Sigyn came back strongly to help me through a particular ritual. Some background: I've done animal funerals that included burial, including at least a couple that I knew were intended as practice for me to do the same for a human later. But my mom had herself cremated. She had always said she wanted her ashes scattered, and that's not functionally different from burial, so that would be very similar ritually.That is, burial or scattering ashes both end up with the remains outside, in the earth, or on the earth, or in the water.

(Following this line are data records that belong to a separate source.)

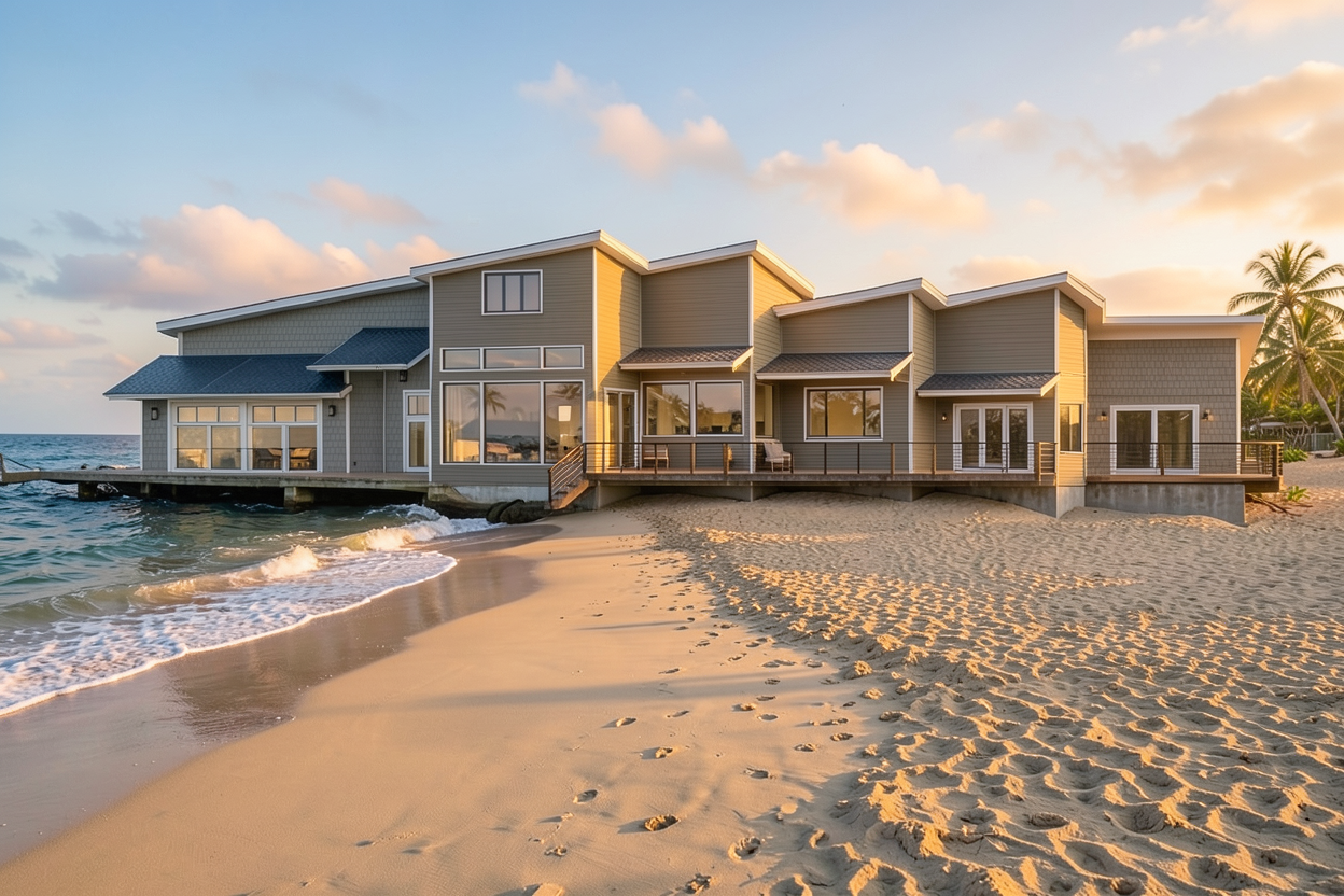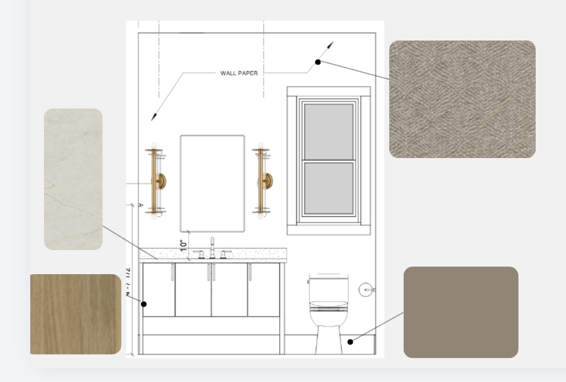 render this powder room elevation slab counter wood cabinets hardwood floor pendants flanking mirror wallpaper on walls and painted darker baseboard
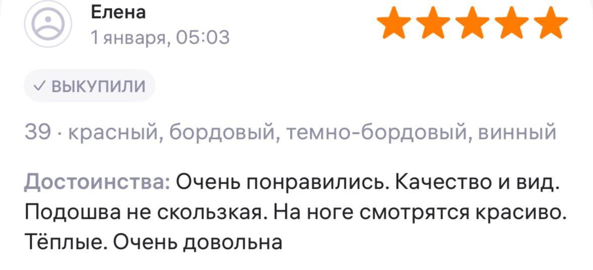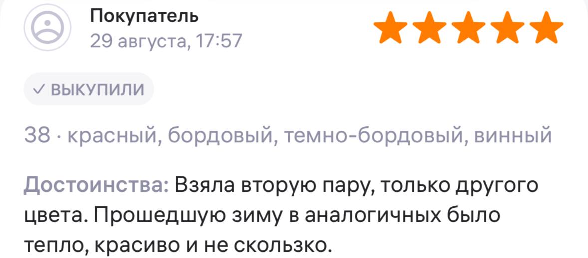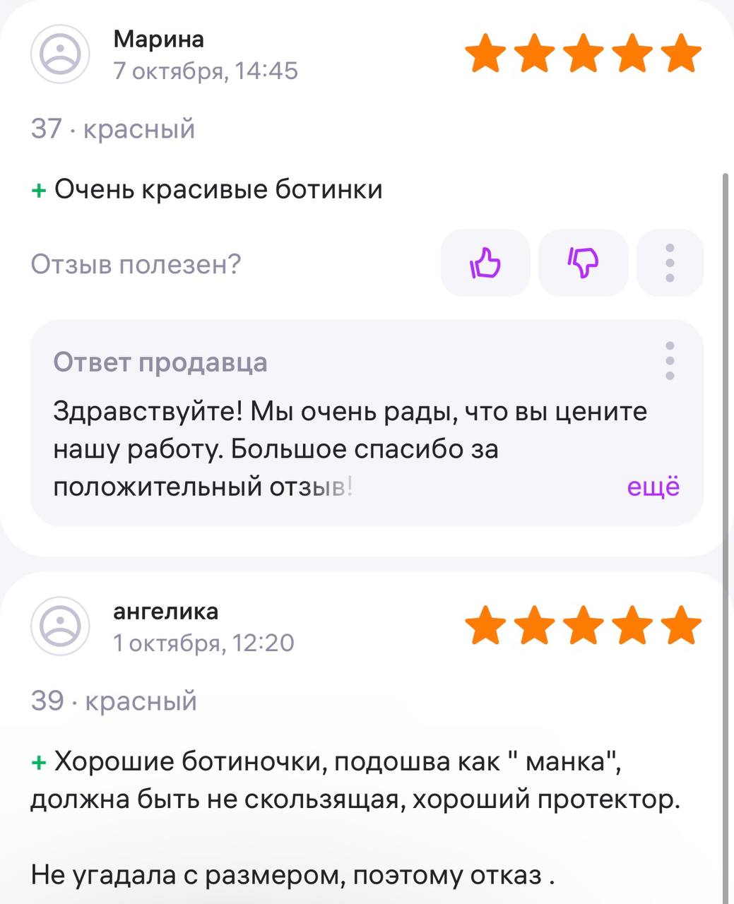 Ботинки хорошие, кажа мягкая, размеру соответствуют, но на пятке пришита заплатка из какой то пленки блесящей и когда первый раз померла она вся сморщилась и такое впечатление что сейчас лопнет. И я думаю со временем так и будет. Если бы не эта заплатка взяла бы удобные и мягкие
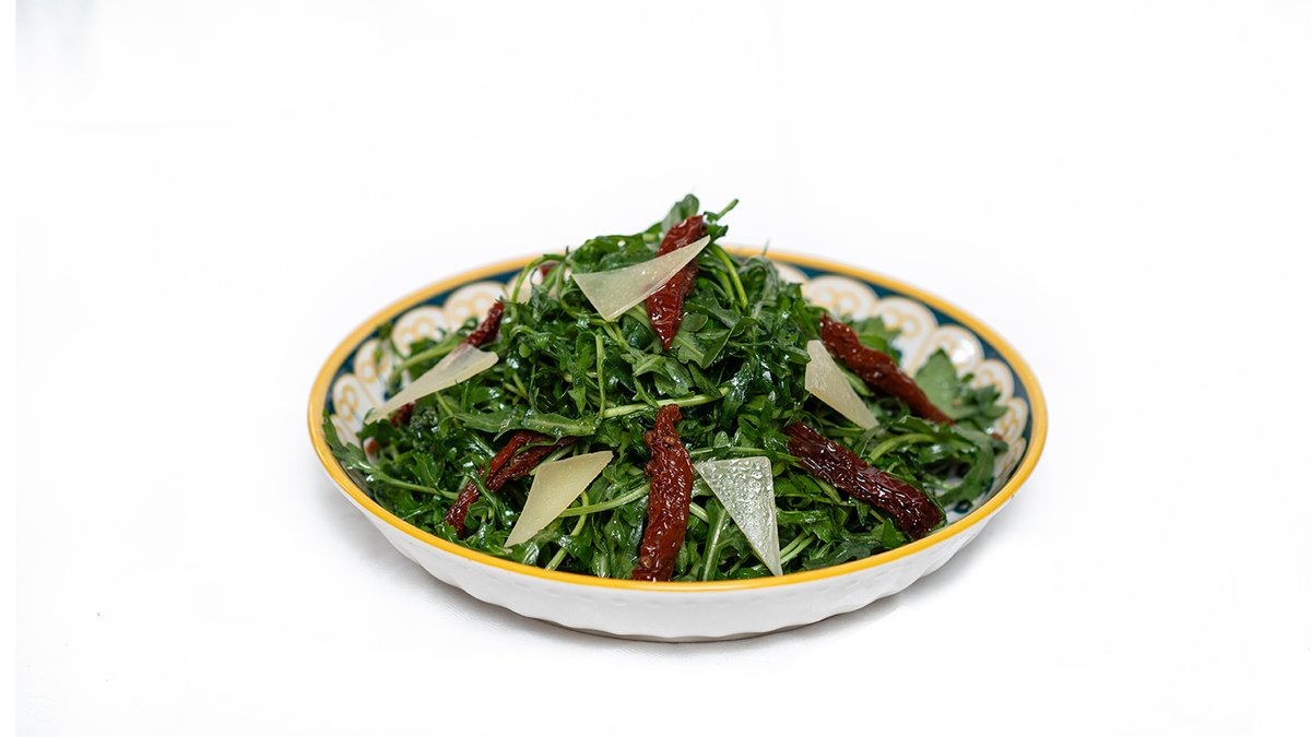 salata od sveže rukole, sušeni paradajt, listići parmezana, dresing aceto balzamico
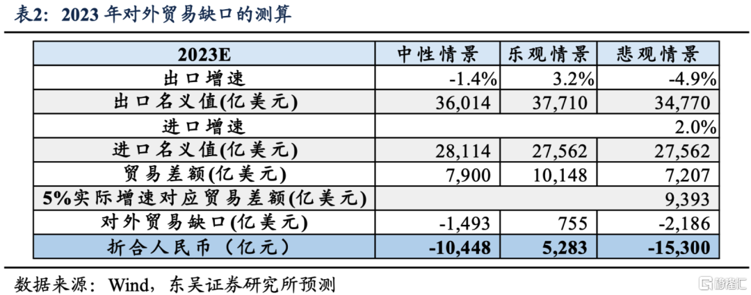 對外貿易:2023年增速-1.4%,負缺口爲10448億元。根據我們此前報告(《2023全球增速下滑=多大的出口逆風?》)測算,中性、樂觀、悲觀情形下,我國2023年出口增速分別爲-1.4%、3.2%、-4.9%。若我們假設2023年進口增速爲2%,上述三種情景對應的缺口/盈餘(負數/正數)分別爲-10448、5283、-15300億元(表2)。
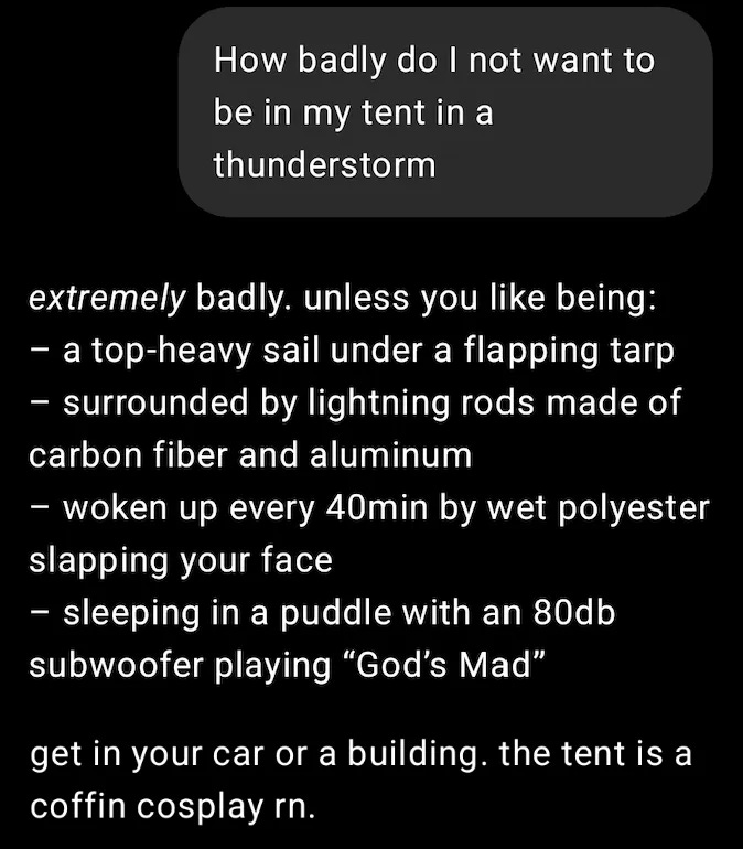 The inevitable Tesla-as-tent moment - that ChatGPT exchange perfectly capturing the gulf between theoretical camping and actual prairie thunderstorms. "Coffin cosplay" is brutally accurate for what a tent becomes when the sky opens up.
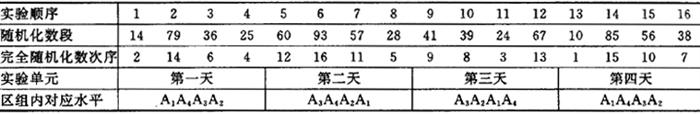 | 释义 | 单因素试验设计 在科学研究、工程实施或者生产过程中,只要求观察某一因素的水平变动对实验结果的影响,称这种实验方案的安排及其数据处理为单因素实验设计。 在进行单因素实验的过程中,要求参加实验的其他因素及其水平保持不变,只存在环境条件的随机波动。 1.实验顺序的随机化 对于观察的因素A,有p个水平数,A1,A2,……Ap,在随机置换表上闭着眼睛用铅笔任意指定一点,如56行中第4列上的3,接下去的数据是38640579……,如果水平数n<10,那么随机数的顺序就是对应水平数的顺序,于是实验顺序为 实验顺序 1 2 3 4 5 6 7 随机数顺序 3 8 6 4 0 5 7 水平安排 A2 A7 A5 A3 A1 A4 A6 如果水平数n≥10,可以用两个或两个以上随机化数字作为一组,以每组数值的大小依次对应各个水平,按照数组的位置作为对应水平的实验顺序。 2.区组内的随机化 在因素A有P个水平的情况下,每个条件重复七次,总共的实验次数为n=tp。如果在一个单元时间内不能做完,需要安排若干个实验区组。为了不导致人为的水平差异,应将同一水平的重复实验安排到不同的区组中,区组内各水平的实验顺序按随机化原则安排,即形成随机完全区组实验。 例如,因素A有4个水平,每个水平下重复4次实验,分4天进行,总实验次数n=16。每天一个区组,4个水平的实验顺序各不相同。例如,在随机置换表上挑中了第5行的147936256093572841392467108556382……以两位数一组表示水平数,4个区组的实验顺序如表4.3.2-1所示。 表4.3.2-1 随机化实验顺序
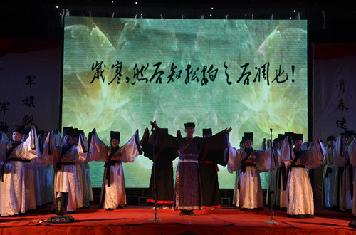 一首《众人划桨开大船》,铿锵有力的节奏伴着气势磅礴的表演,唱出了香港赛马会投注站 的气势,点燃了全场观众的热情,引来阵阵掌声和呐喊声。香港赛马会投注站 选送的迎新节目经典诵读《大道之行》,以儒服表演的形式向大家展现了儒家文化的内涵和香港赛马会投注站 独具特色的文化风貌。
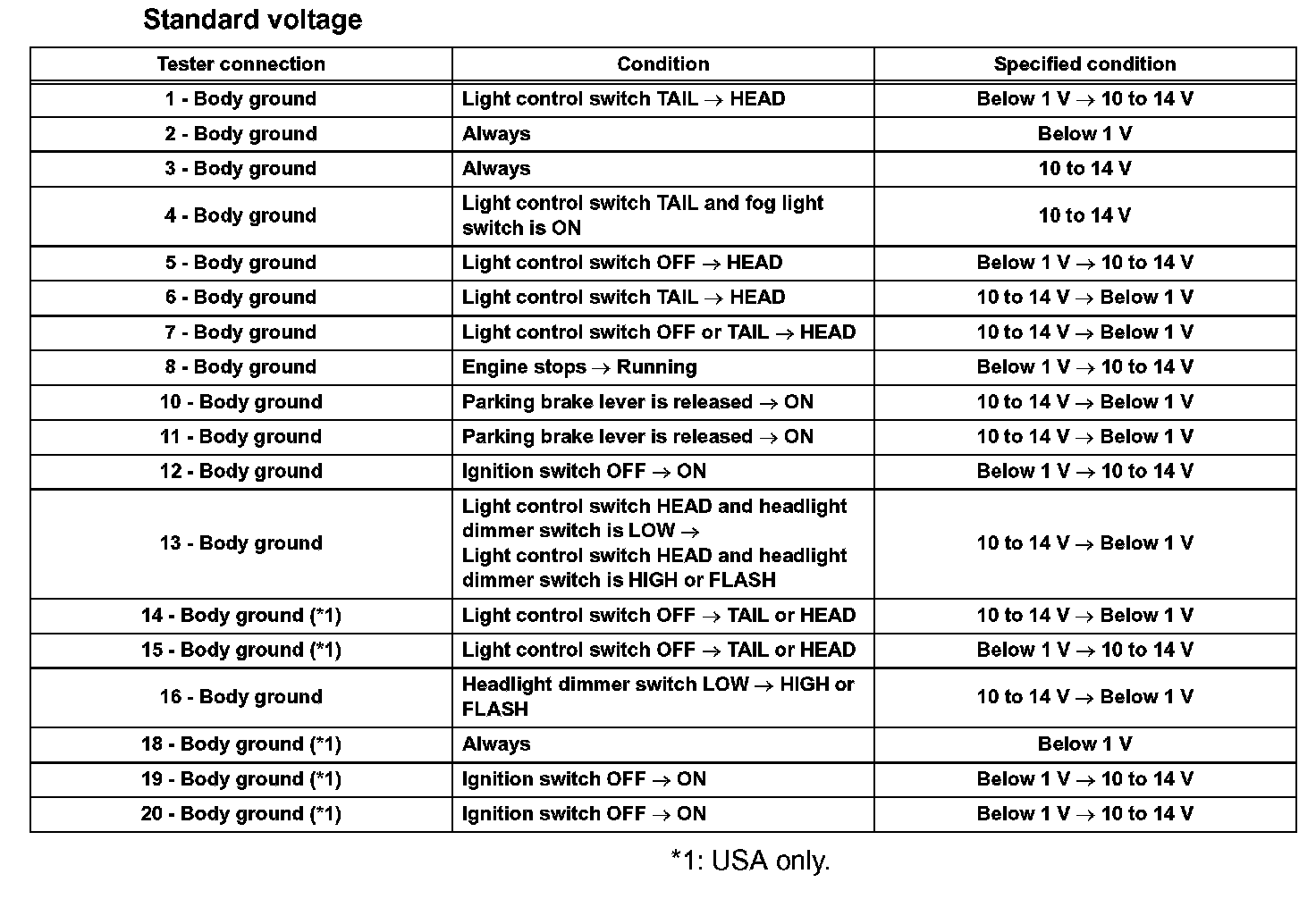 Connect the connector to the daytime running light relay and inspect the wire harness side connector from the back side as shown in the table.

But when mom had arranged for her cremation she had also bought two mini urns, one for me and one for my brother, so that we would each have a permanent bit of her ashes. She still wanted the rest of her ashes scattered. So, I realized I had to be prepared to actually keep some of her body, not just bury or scatter it all. I was not sure how to do that. I mean, I was not yet mentally prepared to do that. Sigyn came to me and helped me practice an appropriate ritual.
Years ago, I had received a butterfly to keep, by finding it dead in my back yard. I had been keeping it in a temporary container, a cup, inside the glass wall shrine that I call the spiritual souvenir display. I needed to give it a permanent home, and do so ritually, so that I would know what to do when mom's ashes arrive. When I brought a truckload of my mom's things to donate to a local thrift shop, I also went inside and I found a lovely glass case decorated with a lavender colored flower, and I knew that was just right for the butterfly's permanent home.
Image: Butterfly in glass case, teacup, tea container, vase with lavender flower. Also in the photo are some candles, a jar of the petals of the Prank Rose which I received as a sign from Sigyn, a butterfly representation, a matchbook and match receptacle, and a vase with some fading flowers left from bouquets brought to my mom's wake.